Did you ever figure this out? Because I think I may have. We could compare notes 😁

MartyPC: A cycle-accurate IBM PC/XT emulator | https://github.com/dbalsom/martypc

Reply 8 of 15, by reenigne

User metadata
Rank Oldbie
Rank
Oldbie

Well, if you're talking about the "3 bytes in queue" delay, I thought I had it figured out with Ken's blog post. But I'd be very interested to hear if you've figured out something I haven't!

The _extraHaltDelay is still a mystery, though.

Reply 9 of 15, by superfury

User metadata
Rank l33t++
Rank
l33t++
reenigne wrote on 2023-10-30, 11:18:

Well, if you're talking about the "3 bytes in queue" delay, I thought I had it figured out with Ken's blog post. But I'd be very interested to hear if you've figured out something I haven't!

The _extraHaltDelay is still a mystery, though.

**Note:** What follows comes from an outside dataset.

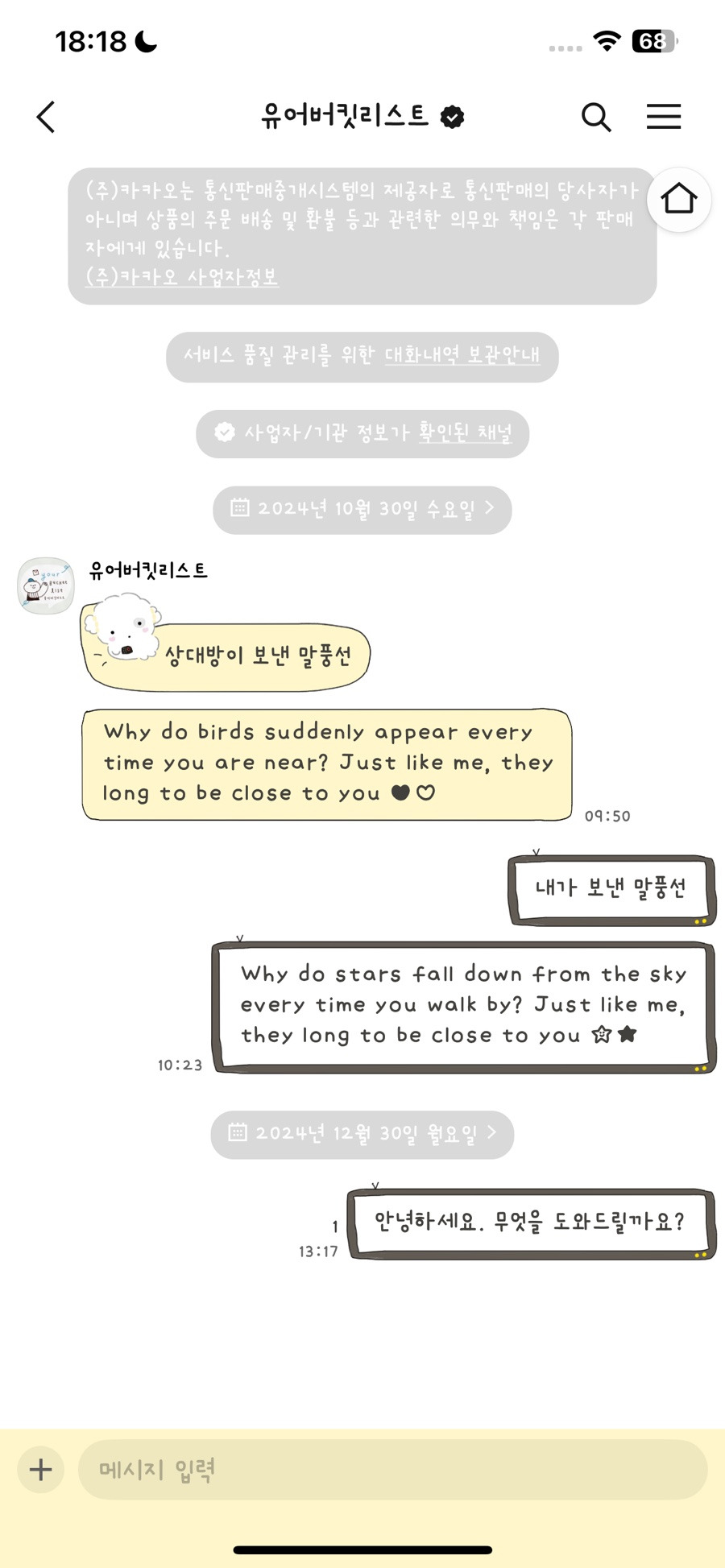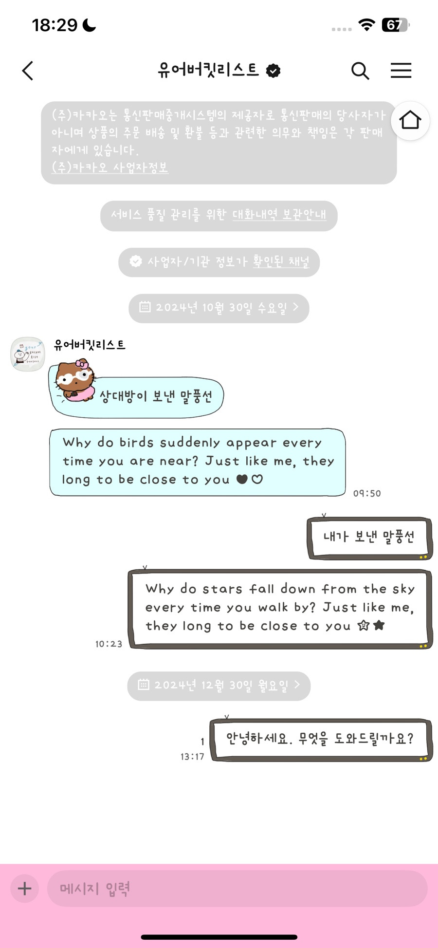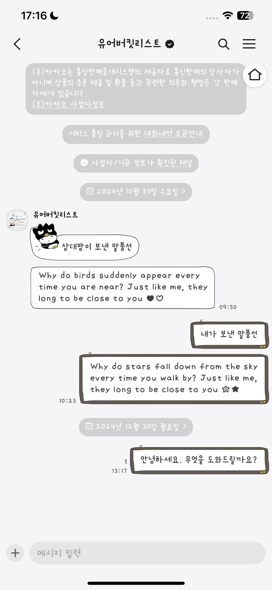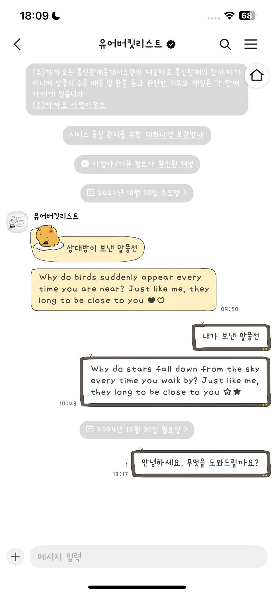 카톡테마 적용 [유어버킷리스트체] 구매하기

Perhaps an hidden RNI of sorts?

Author of the UniPCemu emulator.
UniPCemu Git repository
UniPCemu for Android, Windows, PSP, Vita and Switch on itch.io

Reply 10 of 15, by reenigne

User metadata
Rank Oldbie
Rank
Oldbie
superfury wrote on 2023-10-30, 11:43:
reenigne wrote on 2023-10-30, 11:18:

The _extraHaltDelay is still a mystery, though.

Perhaps an hidden RNI of sorts?

I wondered that too, but it doesn't seem to fit what I'm seeing. It does seem to depend on whether the previous IO was a code fetch or not for one thing. I suppose it's possible that it depends on the microcode of the previous instruction and the condition I worked out just happens to fit for the cases I've been able to find. I do wonder if it'll become clear once I do more experiments involving interrupts interrupting instruction sequences other than HLT and WAIT.

Reply 11 of 15, by GloriousCow

User metadata
Rank Member
Rank
Member
reenigne wrote on 2023-10-30, 11:18:

Well, if you're talking about the "3 bytes in queue" delay, I thought I had it figured out with Ken's blog post. But I'd be very interested to hear if you've figured out something I haven't!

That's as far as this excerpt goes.